I checked Wercon. No solutions found. It did show that Windows Explorer had hung and was closed on several occasions (as I was trying to get Windows Updates). I saved a description of two of these events which is attached in case this would be helpful to you.


----------



## jcgriff2 (Sep 30, 2007)

*Re: Vista windows update hangs*

Hi. . .

Thank you for the text report from WERCON. (Did you get it from wercon? - if so how, please?)

The entries show Windows Explorer crashing (app hang) because it is waiting for svchost (Vista generic host service - you will sometimes see 12+ of these running in Task Manager) which is being held up - so Win Explorer times out after 30000ms which gives you the "Not Responding" message.

I have seen this many times and it is usually caused by a 3rd party firewall as it is blocking internal ports. You have Zone alarm - my advice is to get rid of it and reset your Windows Firewall to default settings.

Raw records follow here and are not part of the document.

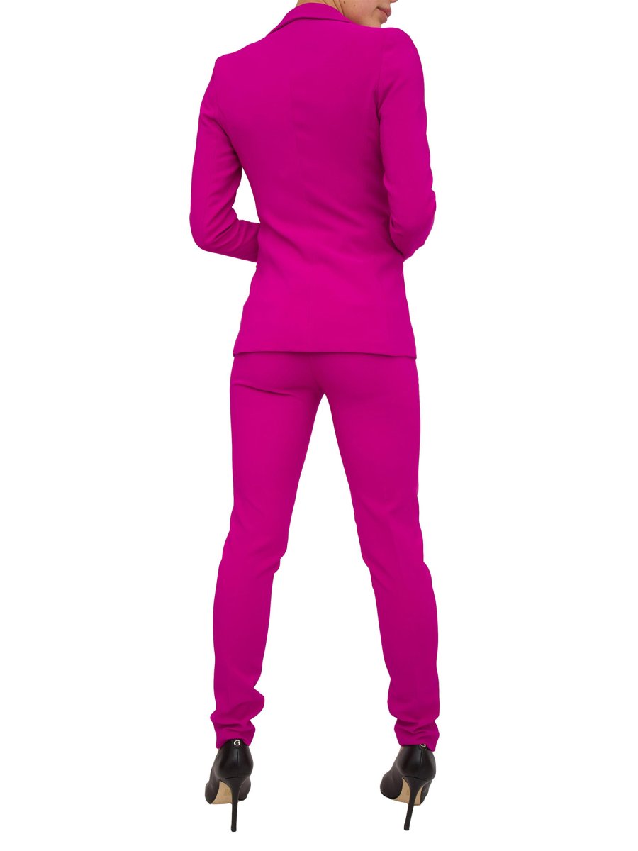 Elegante tailleur Kocca composto da giacca a un bottone con scollo rever e tasche a filetto e pantaloni di taglio classico.
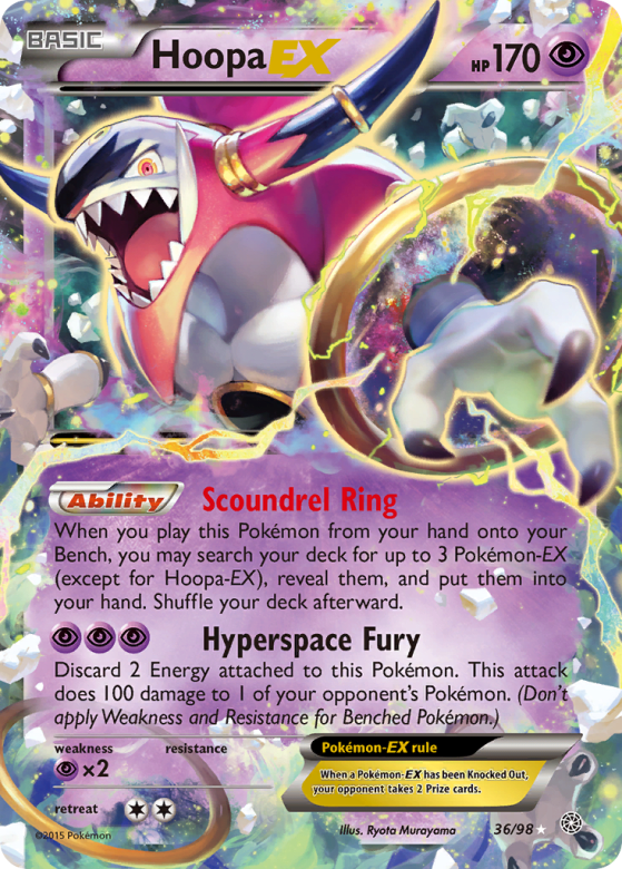 When you play this Pokémon from your hand onto your Bench, you may search your deck for up to 3 Pokémon-EX (except for Hoopa-EX), reveal them, and put them into your hand. Shuffle your deck afterward.
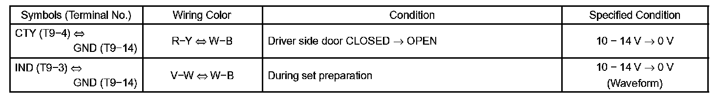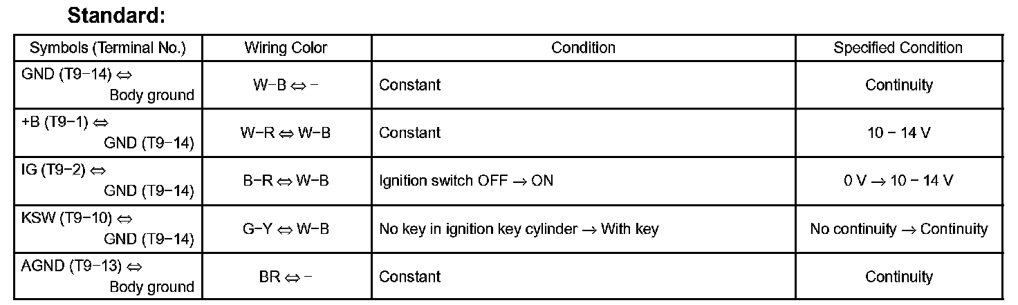a. Disconnect the T9 ECU connector, and check the voltage or continuity between each terminal of the wire harness side connector.
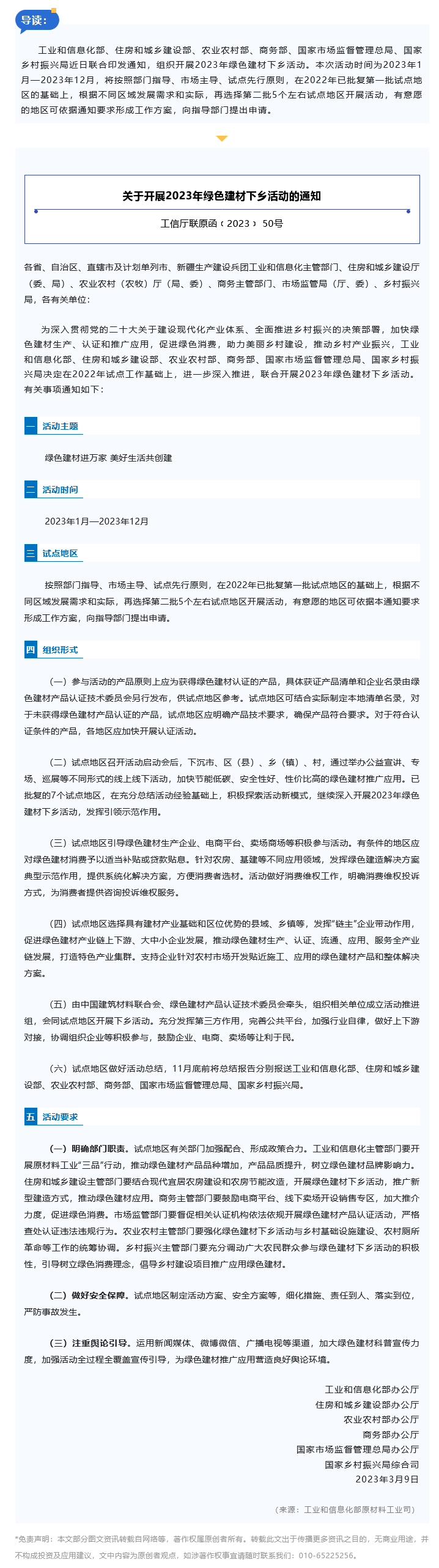 行业快讯 | 工信部等六部门组织开展2023年绿色建材下乡活动
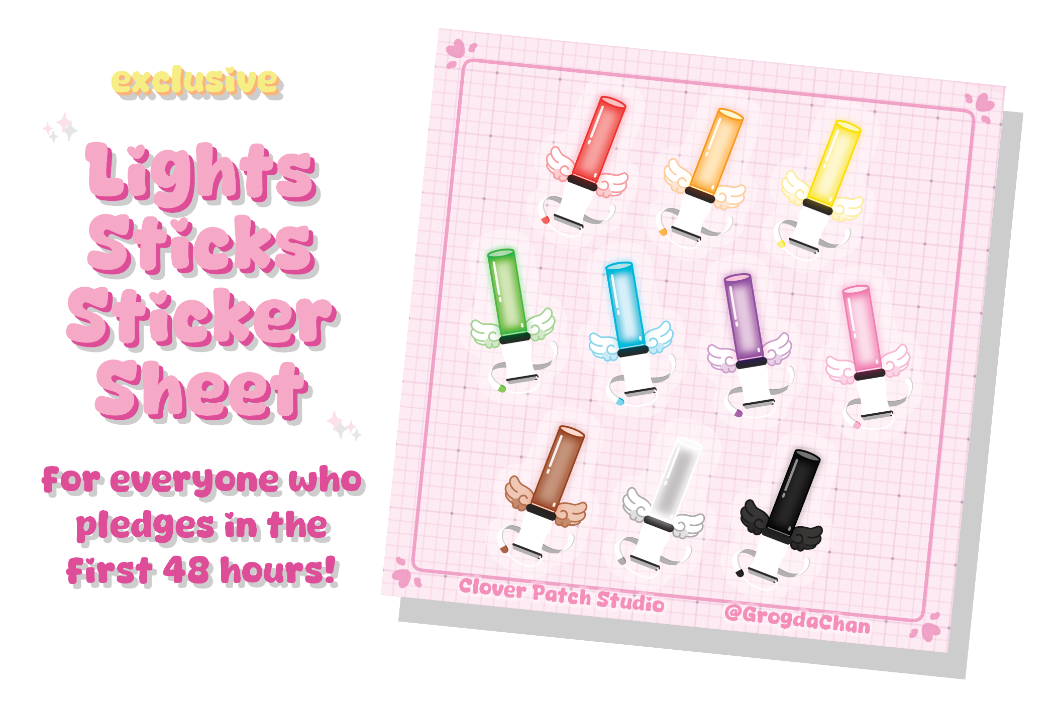 Who created this project? Hi hi~! I'm Grogda! A giant cyclops V-tuber! I've been V-tubing for about 3 years and doing Artist Alleys under my brand Clover Patch Studio for about 6 years! You can learn more about me under the "✨ About The Artist" section of this page. I'd love to see you over on my channel some time so please don't be nervous to stop by and say a hi hi~! https://www.twitch.tv/grogdachan
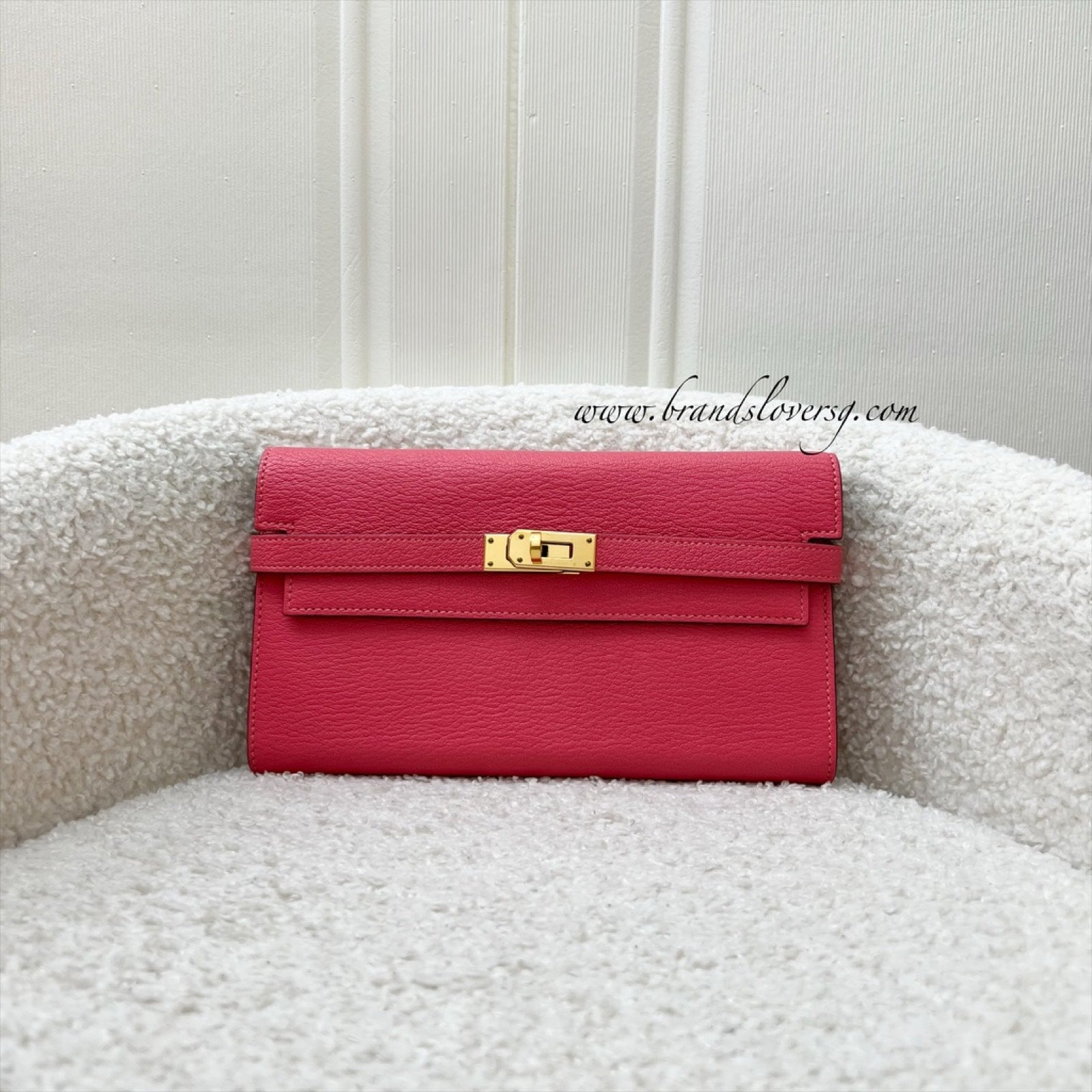 Hermes Classic Kelly Wallet in Rose Lipstick Chevre Leather and GHW

to reset the Windows firewall *after* the Zone-Alarm un-install is complete (be sure to re-boot after un-install) do the following:
START | type FirewallSettings.exe into the start search box | click on FirewallSettings.exe above | select the Advanced Tab | click on "Restore Defaults" | Click Apply (if hi-lighted) | Click OK

Now try Windows Updates again.

Regards. . .

jcgriff2

.


----------



## dspringsteel (Aug 28, 2008)

*Re: Vista windows update hangs*

JC you get an award! Removing Zone Alarm did the trick. Windows Update is now working again. Many thanks!!
As to the WERCON printout: select "View Problem History", under "problems Windows identified" right-click on a problem then select "View Problem Details". Click on "Copy to Clipboard" to export to text document.


----------



## jcgriff2 (Sep 30, 2007)

*Re: Vista windows update hangs*

Hi. . .

Glad to hear that your Windows Updates are working again.

Also.. thank you for the info on WERCON item exporting... it will be helpful to me.

Good Luck to you.

JC

.


----------



## Eric Teshner (Mar 29, 2009)

jcgriff2 - Thanks so much 

Once I UNINSTALLED Zone Alarm I was able to get things back to normal. Shutting down ZA was not enough. PS-This was on my new Dell notebook running Vista SP1.

Thanks again.


----------



## jcgriff2 (Sep 30, 2007)

@ *Eric Teshner* 

Hi Eric - 

Thanks for posting w/ successful results. I find it awful that OEMs (manufacturers - Dell, HP, etc...) install products like ZoneAlarm, NIS, KIS, McAfee, etc... on brand new systems knowing the problems they cause. 

I honestly believe these have greatly contributed to the Vista-bashing that has occurred. I hope you enjoy your new Vista system. I like Vista very much and have had very few problems.

Regards. . .

jcgriff2

.


----------